What is required -
Go through the listing below and write out exactly the lines from the one that mentions "Frachtbahn 193 230" through the one that mentions "RT-AX92U:s Adaptive QoS", minus the pictures.
═══ Supplied material ═══
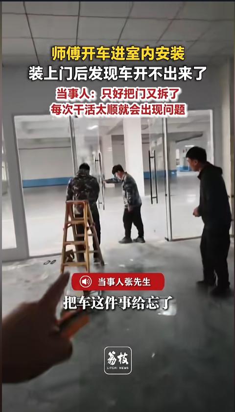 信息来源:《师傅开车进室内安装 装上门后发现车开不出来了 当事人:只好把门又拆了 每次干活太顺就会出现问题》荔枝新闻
═══
═══ Supplied material ═══
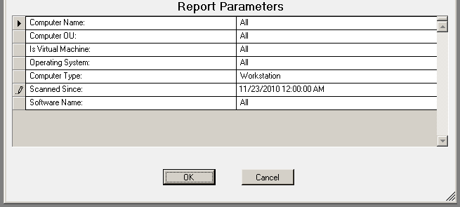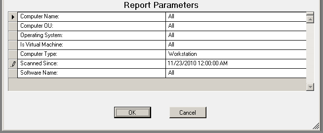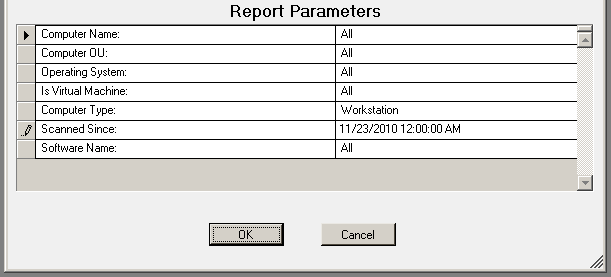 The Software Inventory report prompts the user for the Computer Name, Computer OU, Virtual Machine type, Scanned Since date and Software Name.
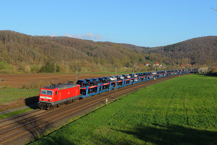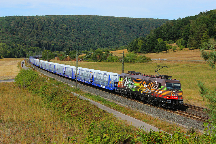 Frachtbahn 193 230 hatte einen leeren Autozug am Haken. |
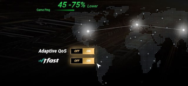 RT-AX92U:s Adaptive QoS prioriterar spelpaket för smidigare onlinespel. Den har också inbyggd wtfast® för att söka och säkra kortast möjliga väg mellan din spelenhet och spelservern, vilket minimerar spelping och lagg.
═══
═══ Supplied material ═══
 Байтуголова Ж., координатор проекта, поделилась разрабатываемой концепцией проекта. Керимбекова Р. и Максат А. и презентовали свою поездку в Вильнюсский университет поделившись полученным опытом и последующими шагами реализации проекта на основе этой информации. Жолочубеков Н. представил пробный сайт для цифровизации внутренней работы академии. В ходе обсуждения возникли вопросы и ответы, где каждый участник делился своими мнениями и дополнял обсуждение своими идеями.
═══
Finished exercise -
 Frachtbahn 193 230 hatte einen leeren Autozug am Haken. |
 RT-AX92U:s Adaptive QoS prioriterar spelpaket för smidigare onlinespel. Den har också inbyggd wtfast® för att söka och säkra kortast möjliga väg mellan din spelenhet och spelservern, vilket minimerar spelping och lagg.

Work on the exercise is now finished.